----- Data to use

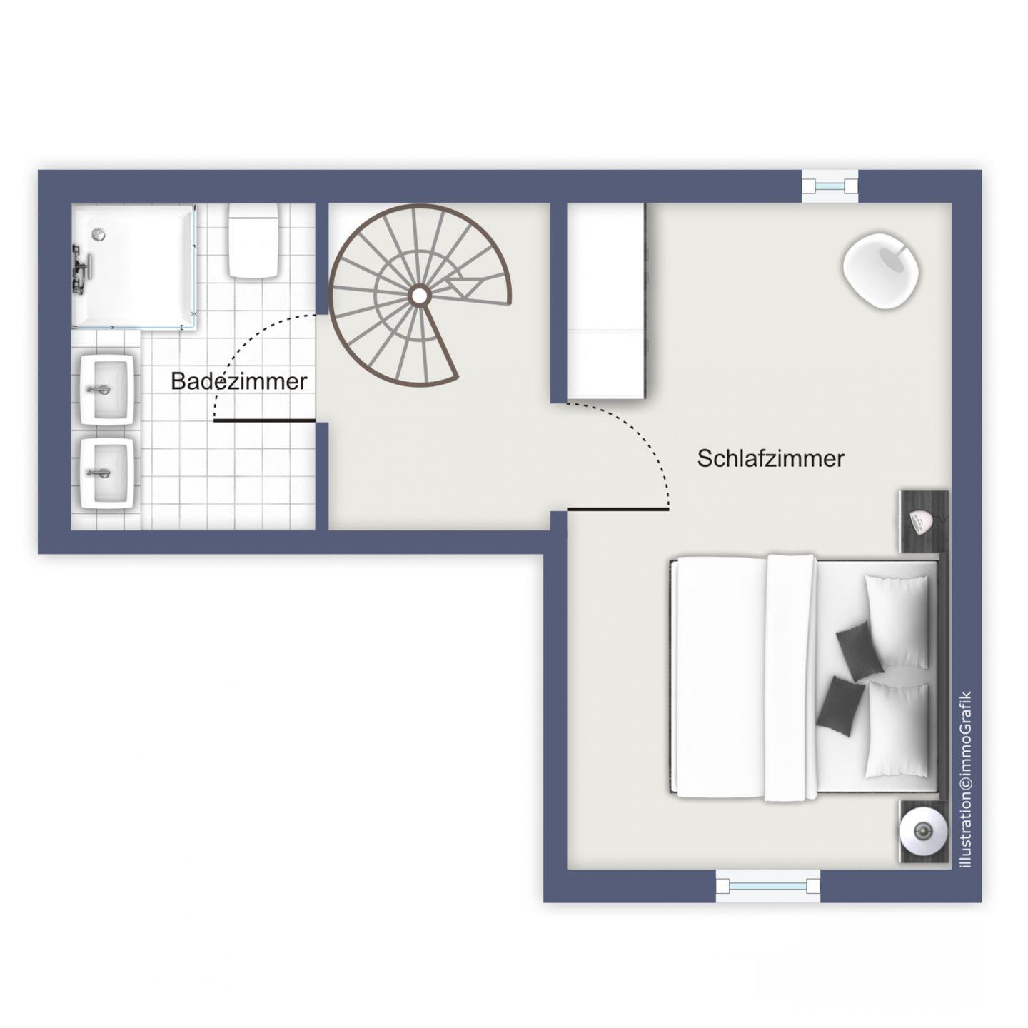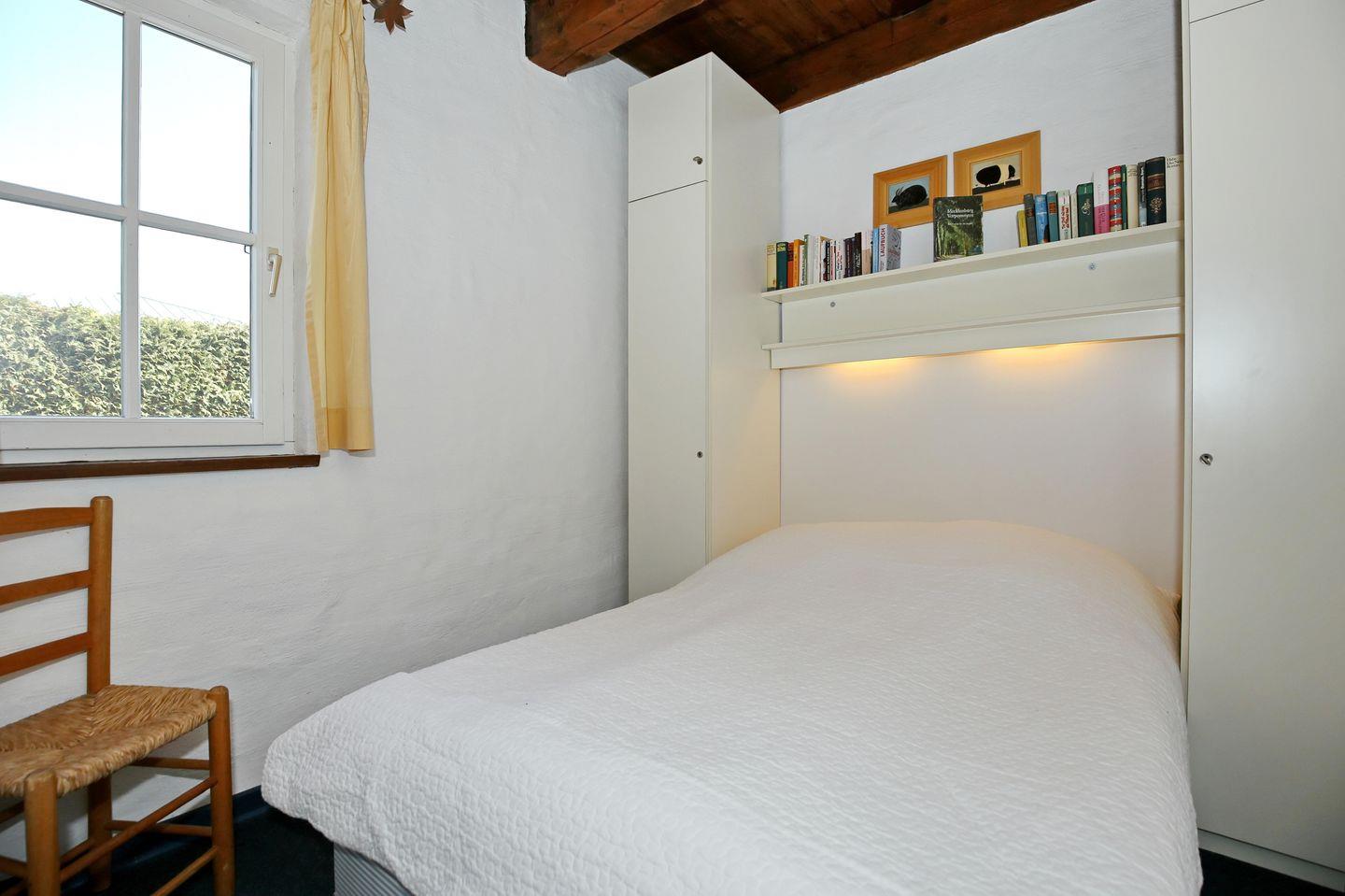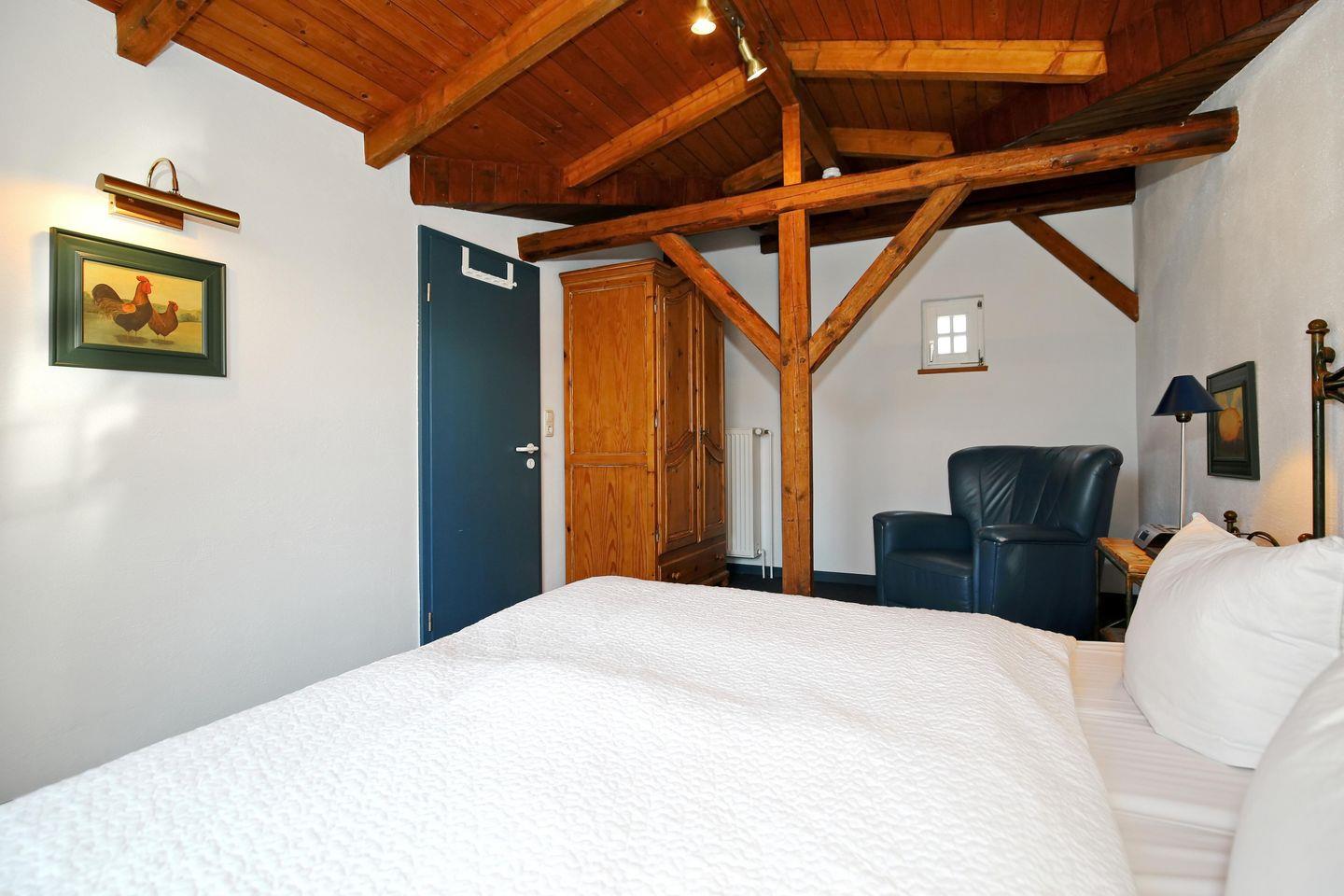 Das Schlafzimmer im Erdgeschoss ist mit einem Doppelbett (140 x 200 cm) und einem Einbaukleiderschrank eingerichtet. Im Schlafzimmer, das sich im Obergeschoss befindet, lädt ein Doppelbett (2 x 90 x 200 cm) zum erholsamen Schlaf ein. Hier bietet ein freistehender Kleiderschrank viel Stauraum für deine Sachen. An den Fenstern sind Vorhänge als Sichtschutz vorhanden.
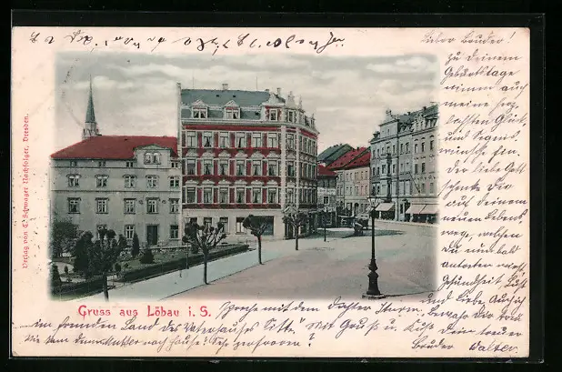 AK Löbau /Sa., Strassenpartie mit Anlagen und Kirchturmspitze
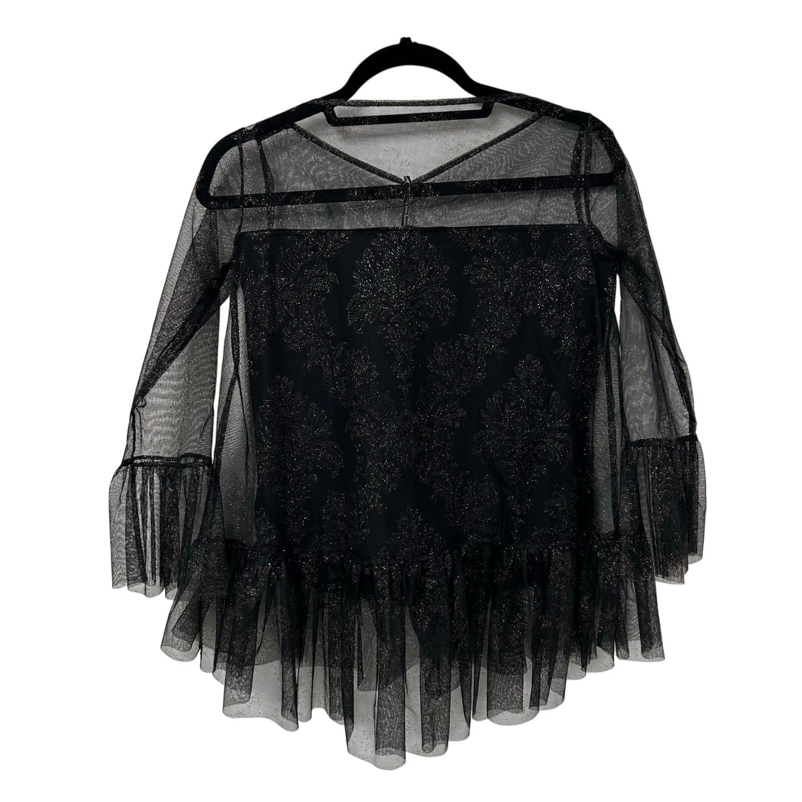 • Features: Polyamide Blend, Black, Deidre Style, Illusion Print, Long Bell Sleeves
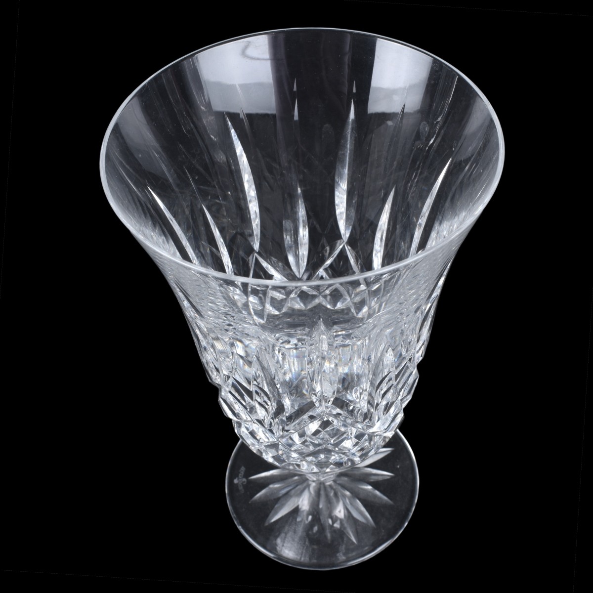 Six (6) Waterford Crystal Glasses. Includes: 4 fluted champagnes in the Kinsale pattern and two stemmed iced tea glasses in the Lismore pattern. Tallest measures 7-7/8" H, smallest measures 6-1/2" H. Condition: One fluted champagne glass has a nick to rim otherwise good condition Estimate: $50.00 - $100.00 Domestic Shipping: $68.00
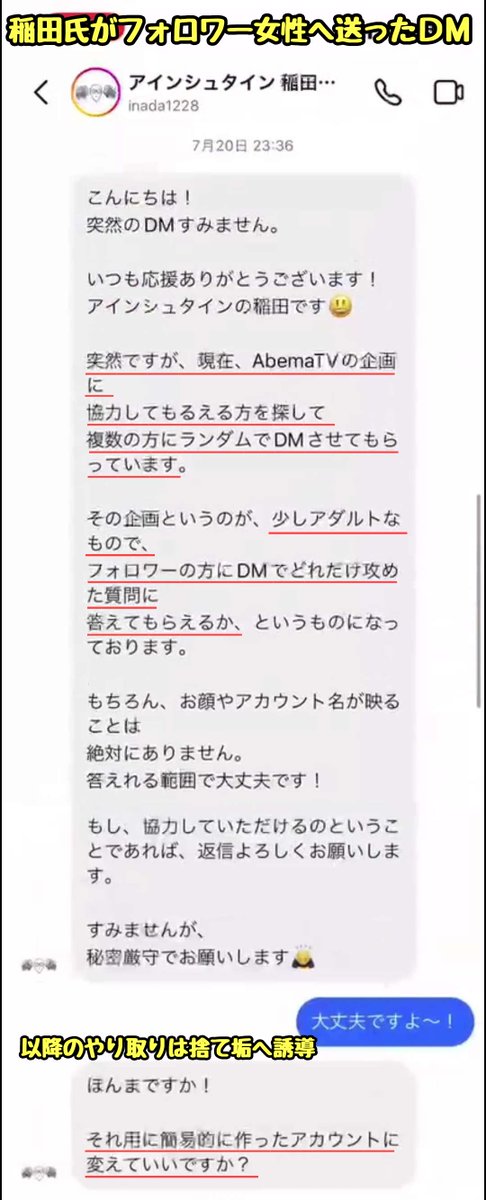 稲田氏がインスタのフォロワー女性Aに「いまAbemaTVで『フォロワーにどれだけ攻めた質問に答えてもらえるか』という企画をやっている」とDM送信
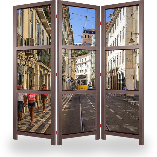 Описание ширмы Колорит Лиссабона. Узкие улочки по которым туда-сюда солнечным днем снуют трамваи и неспешно прогуливаются туристы.
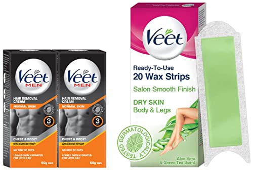 HomeBeautyBodyShaving & Hair RemovalVeet Hair Removal Cream for Men, Normal Skin, 50g Each (Pack of 2), Black & Instant Waxing Kit for Dry Skin, (20 strips)
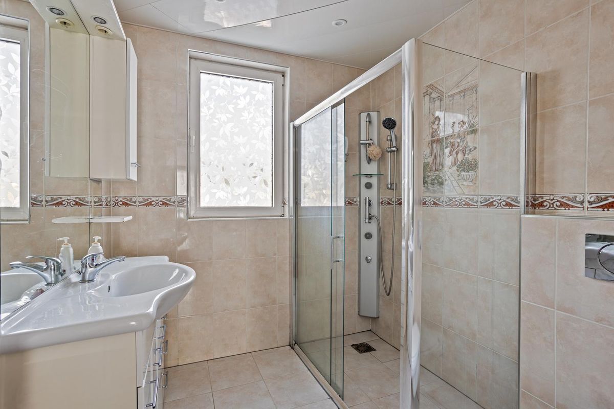 De badkamer is volledig afgewerkt met tegels in een beige kleurstelling en voorzien van een wastafel met meubel, ruime inloopdouche, tweede toilet en een spiegel.
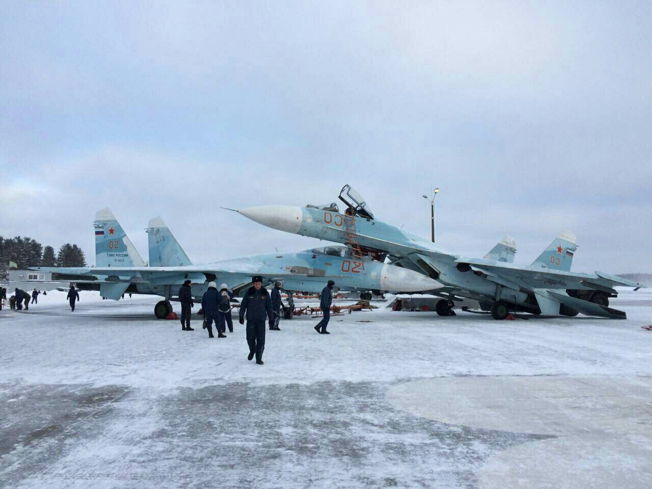 Фотография аварии двух истребителей Су-27СМ из состава 790-го истребительного авиационного полка 105-й гвардейской смешанной авиационной дивизии 6-й Ленинградской Краснознаменной армии ВВС и ПВО России, произошедшей 15 декабря 2016 года на аэродроме базирования этого полка Хотилово (Тверская область). Снимок уже некоторое время распространяется в социальных сетях, а теперь попал уже и в зарубежные СМИ. По неофициальным сообщениям, причиной столкновения стали ошибочные действия летчика истребителя с бортовым номером "02 красный", чрезмерно энергично работавшего РУДом при рулежке по аэродрому. Повреждения обеих самолетов неофициально называются "незначительными".
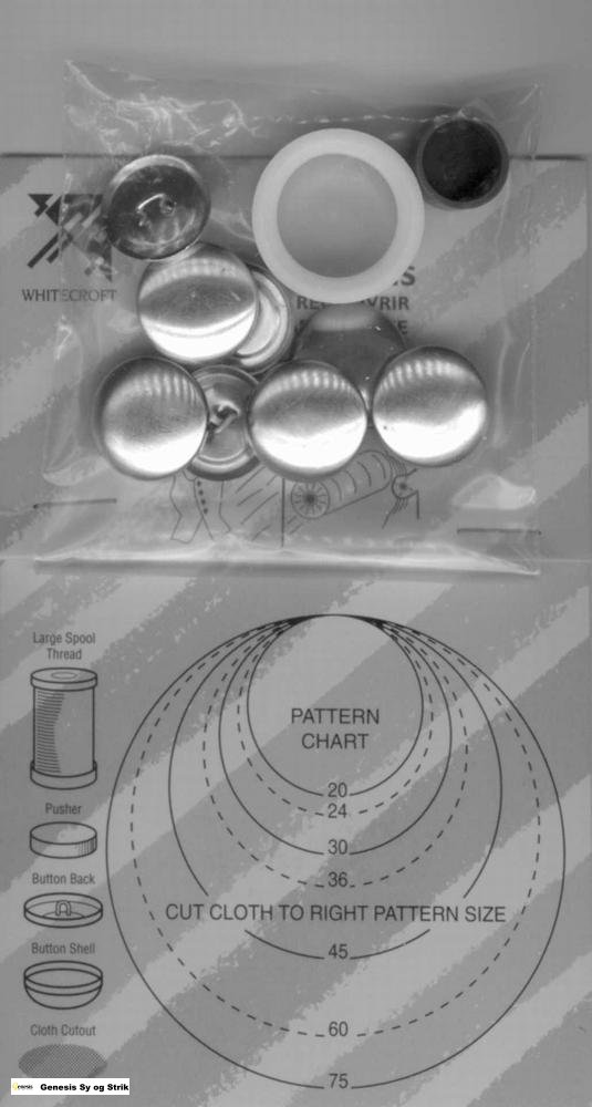 Du klipper et stykke stof efter medfølgene skabelon, lægger stoffet i holderen, folder det lidt ind, sæt de 2 sidste dele over og klem og du har en perfekt knap.
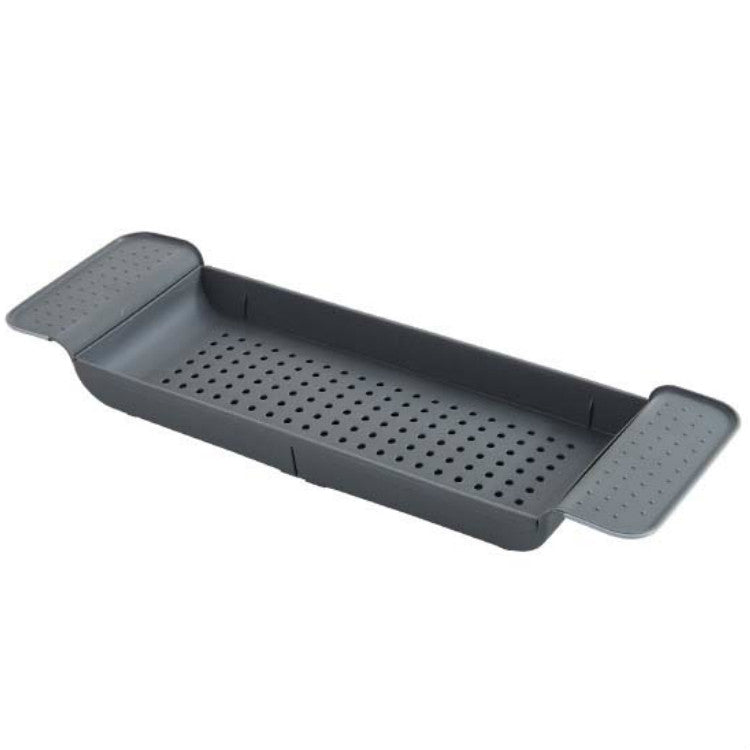 Retractable Drain Bathtub Rack Bathroom Plastic Soaking Tub Rack Bathtub Shower Storage Rack(Black+Gray)
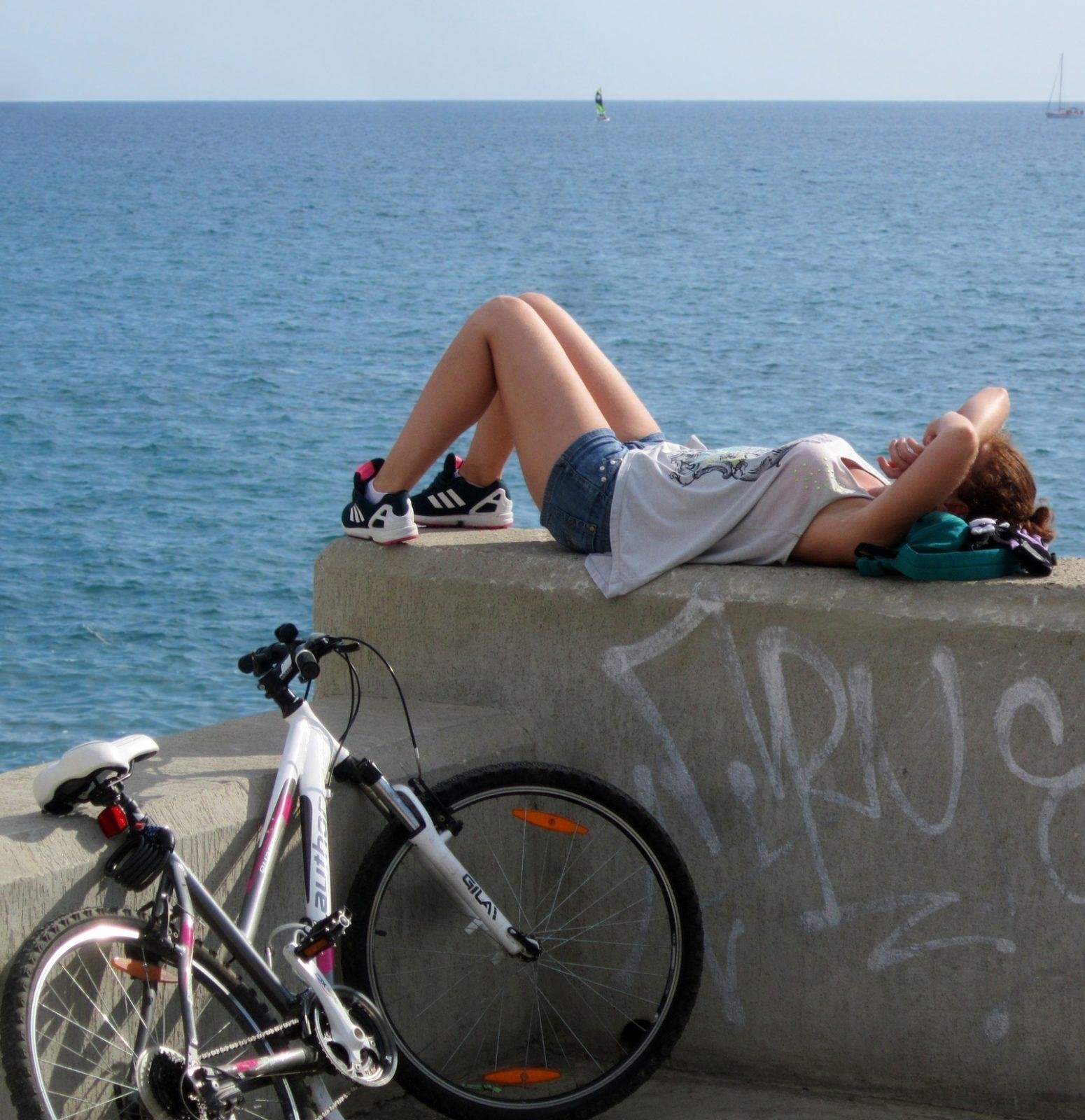 60. Девушка на велосипеде на море

----------

[Work to be completed]: The expected result is the data above in exact form, free of pictures.

[Solution]:
 Das Schlafzimmer im Erdgeschoss ist mit einem Doppelbett (140 x 200 cm) und einem Einbaukleiderschrank eingerichtet. Im Schlafzimmer, das sich im Obergeschoss befindet, lädt ein Doppelbett (2 x 90 x 200 cm) zum erholsamen Schlaf ein. Hier bietet ein freistehender Kleiderschrank viel Stauraum für deine Sachen. An den Fenstern sind Vorhänge als Sichtschutz vorhanden.
 AK Löbau /Sa., Strassenpartie mit Anlagen und Kirchturmspitze
 • Features: Polyamide Blend, Black, Deidre Style, Illusion Print, Long Bell Sleeves
 Six (6) Waterford Crystal Glasses. Includes: 4 fluted champagnes in the Kinsale pattern and two stemmed iced tea glasses in the Lismore pattern. Tallest measures 7-7/8" H, smallest measures 6-1/2" H. Condition: One fluted champagne glass has a nick to rim otherwise good condition Estimate: $50.00 - $100.00 Domestic Shipping: $68.00
 稲田氏がインスタのフォロワー女性Aに「いまAbemaTVで『フォロワーにどれだけ攻めた質問に答えてもらえるか』という企画をやっている」とDM送信
 Описание ширмы Колорит Лиссабона. Узкие улочки по которым туда-сюда солнечным днем снуют трамваи и неспешно прогуливаются туристы.
 HomeBeautyBodyShaving & Hair RemovalVeet Hair Removal Cream for Men, Normal Skin, 50g Each (Pack of 2), Black & Instant Waxing Kit for Dry Skin, (20 strips)
 De badkamer is volledig afgewerkt met tegels in een beige kleurstelling en voorzien van een wastafel met meubel, ruime inloopdouche, tweede toilet en een spiegel.
 Фотография аварии двух истребителей Су-27СМ из состава 790-го истребительного авиационного полка 105-й гвардейской смешанной авиационной дивизии 6-й Ленинградской Краснознаменной армии ВВС и ПВО России, произошедшей 15 декабря 2016 года на аэродроме базирования этого полка Хотилово (Тверская область). Снимок уже некоторое время распространяется в социальных сетях, а теперь попал уже и в зарубежные СМИ. По неофициальным сообщениям, причиной столкновения стали ошибочные действия летчика истребителя с бортовым номером "02 красный", чрезмерно энергично работавшего РУДом при рулежке по аэродрому. Повреждения обеих самолетов неофициально называются "незначительными".
 Du klipper et stykke stof efter medfølgene skabelon, lægger stoffet i holderen, folder det lidt ind, sæt de 2 sidste dele over og klem og du har en perfekt knap.
 Retractable Drain Bathtub Rack Bathroom Plastic Soaking Tub Rack Bathtub Shower Storage Rack(Black+Gray)
 60. Девушка на велосипеде на море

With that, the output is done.